• What you need to do:
Give an unaltered copy of the listing below, minus its pictures.

───── Supplied data

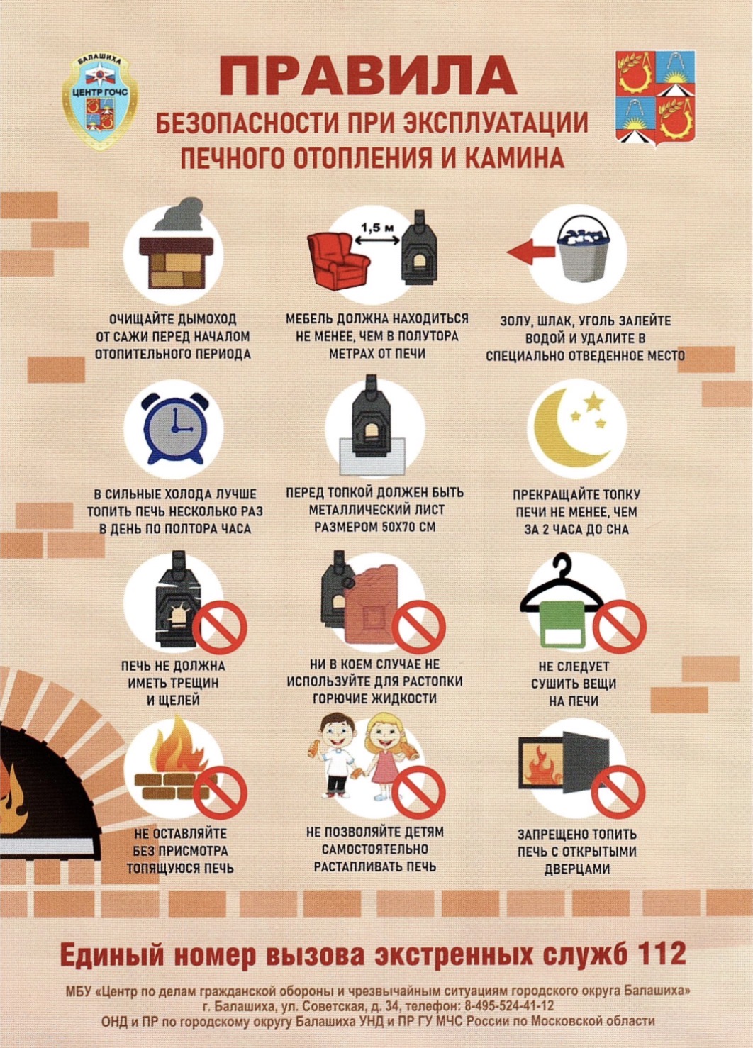 Категорически запрещается: оставлять топящиеся печи без присмотра или поручать их детям, хранить топливо и горючие материалы рядом с ними, использовать для розжига бензин, керосин и другие легковоспламеняющиеся жидкости. Нельзя перекаливать печи, топить их с открытой дверцей, сушить на них вещи или дрова, а также использовать вентиляционные и газовые каналы как дымоходы.
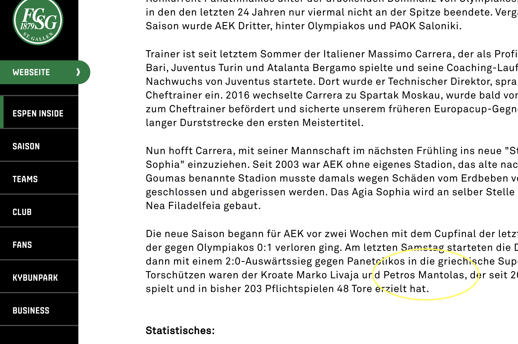 Μέσω της επίσημης ιστοσελίδας της η Ζανκτ Γκάλεν, έκανε μία ξεχωριστή παρουσίαση για την ΑΕΚ και το ματς της Πέμπτης (24/09, 21:30 -CosmoteTV), μπερδεύοντας όμως το όνομα του αρχηγού της Ενωσης, Πέτρου Μάνταλου.
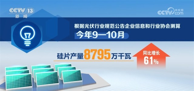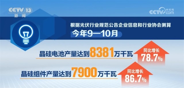 央視網消息:工業(yè)和信息化部昨天(12月13日)發(fā)布當前全國光伏制造行業(yè)最新運行情況。數據顯示,今年9—10月,我國光伏制造業(yè)保持高位運行,硅料、硅片、電池、組件產量同比增長均超60%。

──────────

• Answer to this task:
 Категорически запрещается: оставлять топящиеся печи без присмотра или поручать их детям, хранить топливо и горючие материалы рядом с ними, использовать для розжига бензин, керосин и другие легковоспламеняющиеся жидкости. Нельзя перекаливать печи, топить их с открытой дверцей, сушить на них вещи или дрова, а также использовать вентиляционные и газовые каналы как дымоходы.
 Μέσω της επίσημης ιστοσελίδας της η Ζανκτ Γκάλεν, έκανε μία ξεχωριστή παρουσίαση για την ΑΕΚ και το ματς της Πέμπτης (24/09, 21:30 -CosmoteTV), μπερδεύοντας όμως το όνομα του αρχηγού της Ενωσης, Πέτρου Μάνταλου.
 央視網消息:工業(yè)和信息化部昨天(12月13日)發(fā)布當前全國光伏制造行業(yè)最新運行情況。數據顯示,今年9—10月,我國光伏制造業(yè)保持高位運行,硅料、硅片、電池、組件產量同比增長均超60%。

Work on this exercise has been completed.